Work task: A verbatim copy is needed of the lines below from the one containing "Amazon Essentials Harry" up to and including the one containing "Para peserta Kegiatan", excluding pictures.

Study material:
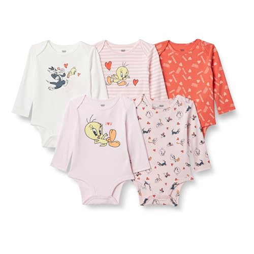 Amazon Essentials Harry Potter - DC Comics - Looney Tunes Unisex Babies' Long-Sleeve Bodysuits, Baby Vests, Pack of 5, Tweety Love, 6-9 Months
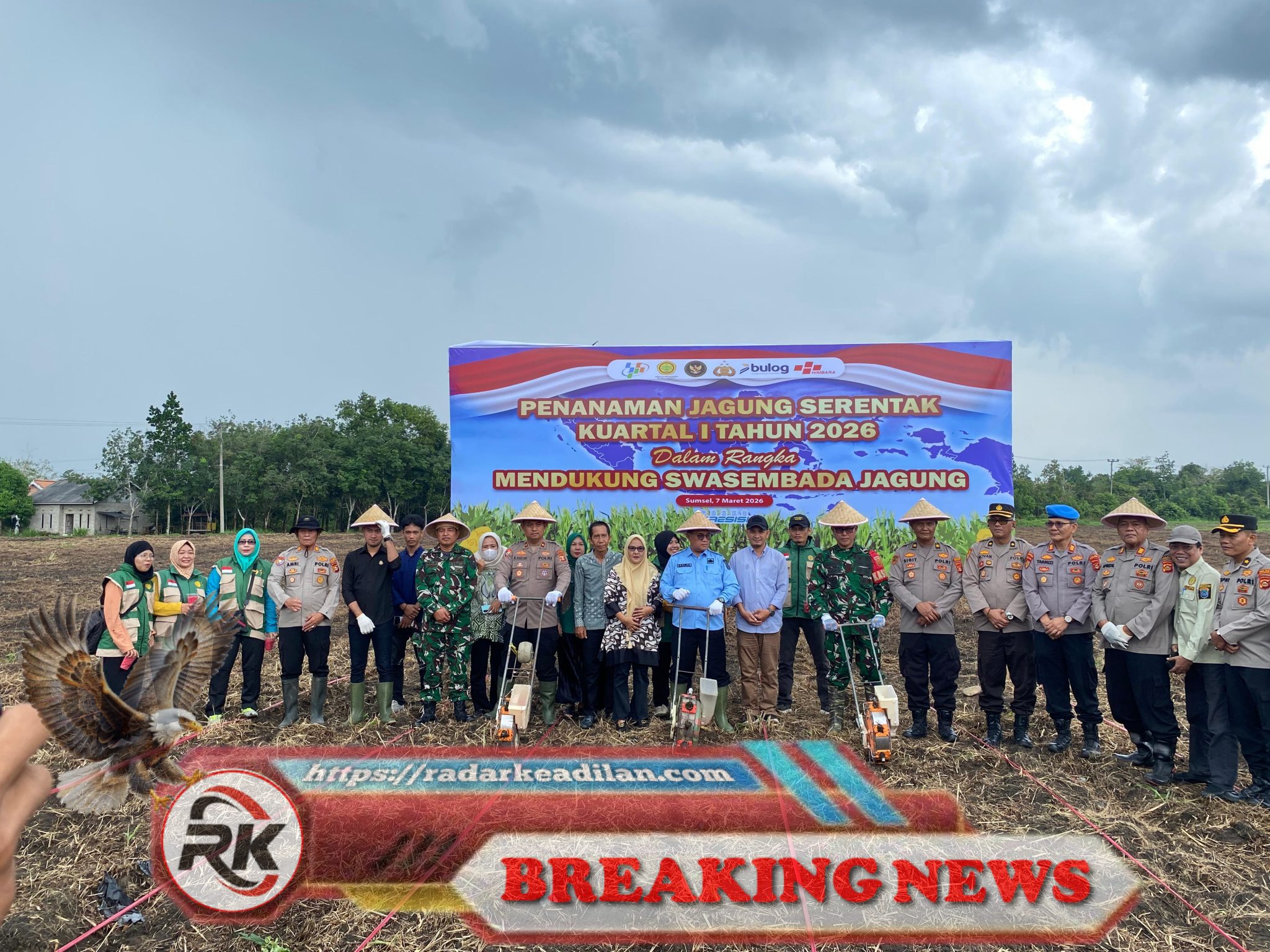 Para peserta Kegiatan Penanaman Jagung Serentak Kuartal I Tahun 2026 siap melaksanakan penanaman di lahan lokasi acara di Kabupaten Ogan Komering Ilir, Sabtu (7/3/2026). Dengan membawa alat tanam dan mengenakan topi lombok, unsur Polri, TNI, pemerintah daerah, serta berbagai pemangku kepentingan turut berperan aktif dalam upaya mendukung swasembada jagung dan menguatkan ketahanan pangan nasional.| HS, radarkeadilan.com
...
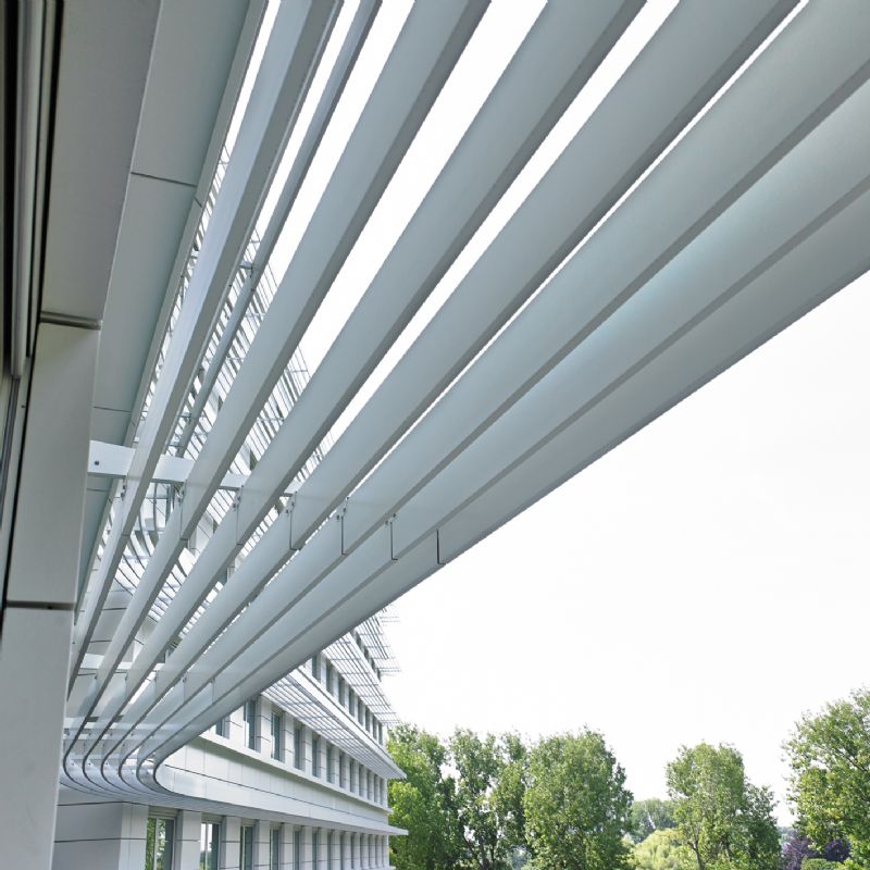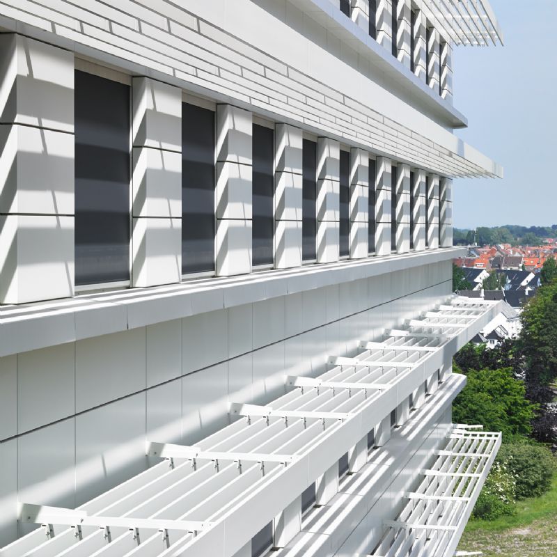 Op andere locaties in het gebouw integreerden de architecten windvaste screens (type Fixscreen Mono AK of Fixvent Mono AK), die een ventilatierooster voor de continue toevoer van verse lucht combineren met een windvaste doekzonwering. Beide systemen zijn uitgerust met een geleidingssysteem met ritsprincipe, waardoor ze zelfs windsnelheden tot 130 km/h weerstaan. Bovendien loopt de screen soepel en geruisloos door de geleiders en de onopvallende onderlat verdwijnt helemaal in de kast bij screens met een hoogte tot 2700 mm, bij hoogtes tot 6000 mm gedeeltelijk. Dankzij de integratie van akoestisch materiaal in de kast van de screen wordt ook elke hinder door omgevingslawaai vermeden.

Solution to this problem:
 Amazon Essentials Harry Potter - DC Comics - Looney Tunes Unisex Babies' Long-Sleeve Bodysuits, Baby Vests, Pack of 5, Tweety Love, 6-9 Months
 Para peserta Kegiatan Penanaman Jagung Serentak Kuartal I Tahun 2026 siap melaksanakan penanaman di lahan lokasi acara di Kabupaten Ogan Komering Ilir, Sabtu (7/3/2026). Dengan membawa alat tanam dan mengenakan topi lombok, unsur Polri, TNI, pemerintah daerah, serta berbagai pemangku kepentingan turut berperan aktif dalam upaya mendukung swasembada jagung dan menguatkan ketahanan pangan nasional.| HS, radarkeadilan.com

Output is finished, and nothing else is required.